Джентльмены и снеговики (сборник) — страница 18 из 47

– Да-да! Именно стояла на своих больших ушах! – Ниночка растопырила пальчики у висков, показывая, какие у школы уши.

Трагедию Марика не способен был понять никто. Он даже и не пытался никому объяснить. Не дождались! Не дождались! Не дождались! Пусть бы еще собаки полетали или кошки! А он бы вырос и сменил их всех!







На кухне было светло и пахло бабушкиными ватрушками, состряпанными в немалом количестве с учетом вечно голодного Ромы, и Марик подумал, что сегодня, наверное, самый страшный день. День, когда разбились заветные мечты.

– Так и хорошо, что не ты первый, – вдруг заявила Ниночка. – Он разведает там, что к чему, а потом ты уже за ним.

Она смотрела огромными серыми глазами и кивала, как целлулоидная кукла-неваляшка.

– Кто – он? – не сразу понял Марик.

– Ну он.

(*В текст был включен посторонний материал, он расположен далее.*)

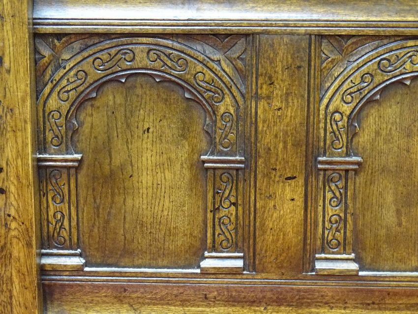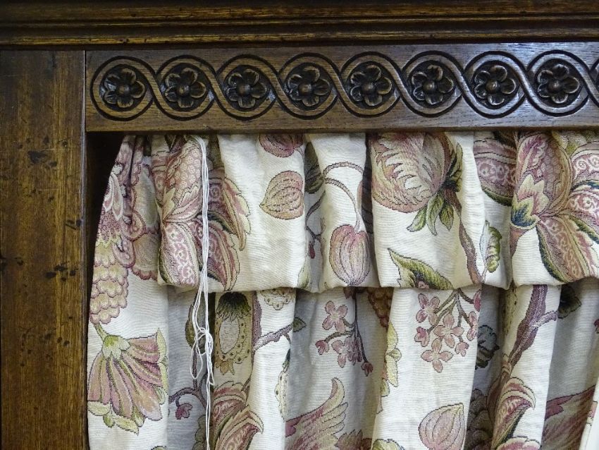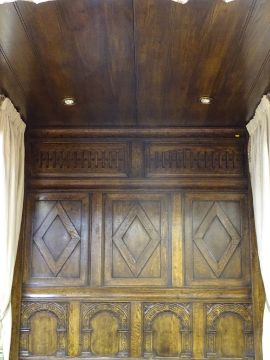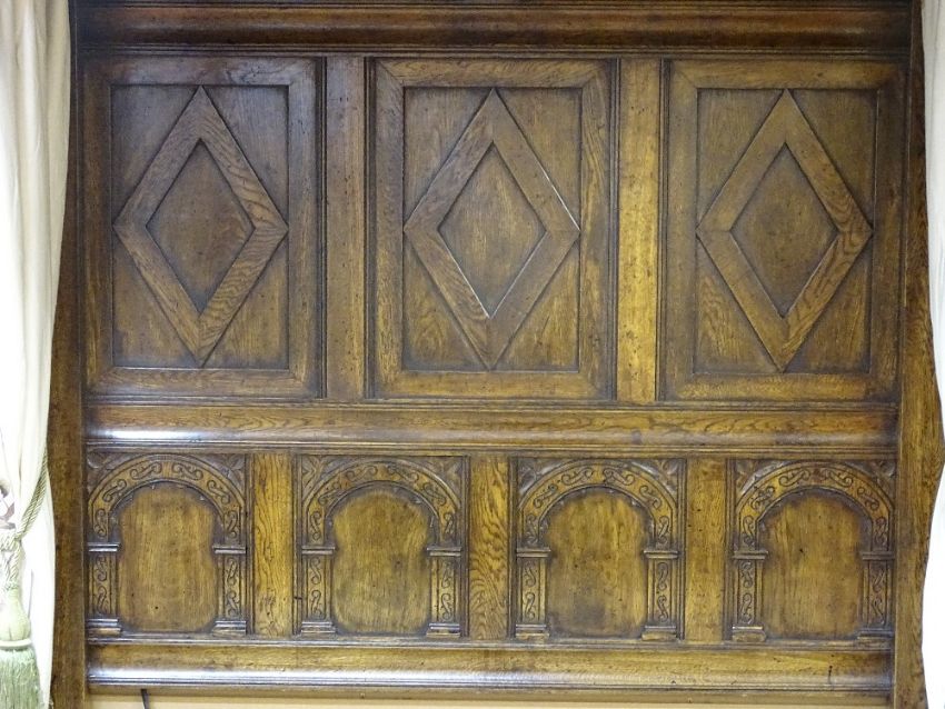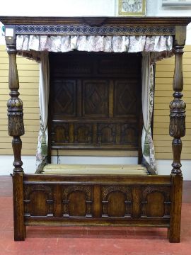 AN EXCELLENT REPRODUCTION OAK FULL TESTER BED FRAME with full height carved panel back and arched panel foot end with substantial acanthus carved pillars and planked effect full cover top with downlighters, all round frieze drapery and side curtains and bullion tassels, to fit mattress size 6 ft 6ins x 5 ft (not supplied), 213.5 cms high, 230 cms long overall, 180 cms wide maximum

Юрий Гагарин.

– А-а-а-а!

– Ты вырастешь и с ним можешь вдвоем за компанию…

– Это только вы, девчонки, вдвоем за компанию в туалет бегаете. А в космос так не получится! – хмыкнул Марик.

– Почему не получится? Стрелка же полетела за компанию с Белкой… Или Белка со Стрелкой…

– Так то ж собаки!

– Да какая разница!

Марик улыбнулся: Ниночкина рассудительность иногда его поражала. И правда, полететь в космос вместе с таким человеком, как Гагарин, было бы здо́рово!

– А что ты утром с дядей Жорой ругался? Я через стенку все слышала.

Марик вспомнил утреннюю сцену, и сразу испортилось настроение.

– Да он…







И тут вдруг Марик все понял.

– Нин, хочешь тайну расскажу?

– Конечно, конечно, хочу!

Ниночка взгромоздилась на табурет с ногами и замерла, ожидая услышать нечто колоссальное, и искренне была в восторге от того, что сосед Марик, такой серьезный, взрослый, правильный, доверит ей, первоклашке, тайну. И если будет надо, она, несомненно, по-настоящему умрет, как Мальчиш-Кибальчиш, но не откроет этой тайны врагам.

– Ты знаешь, кто такой Юрий Гагарин? – шепотом спросил он.

– Первый человек в космосе, – также шепотом ответила Ниночка.

– А еще кто он?

– Кто? – Она задумалась на секунду. – По радио сказали: майор…

Марик огляделся по сторонам, не подслушивают ли их.

– А еще он мой папка!

Ниночка выпрямилась на табуретке.

– А дядя Жора?

– Я говорю: настоящий папка. Просто раньше я не мог тебе об этом сказать. Понимаешь, секрет… Его тайно готовили к полету, никто не должен был знать…

Ниночка нахмурилась.

– Он поэтому бросил тебя?

– Да не бросил! – Марик стукнул кулаком по столу. – Космонавты все засекречены. Нельзя было. Военная тайна, понимаешь!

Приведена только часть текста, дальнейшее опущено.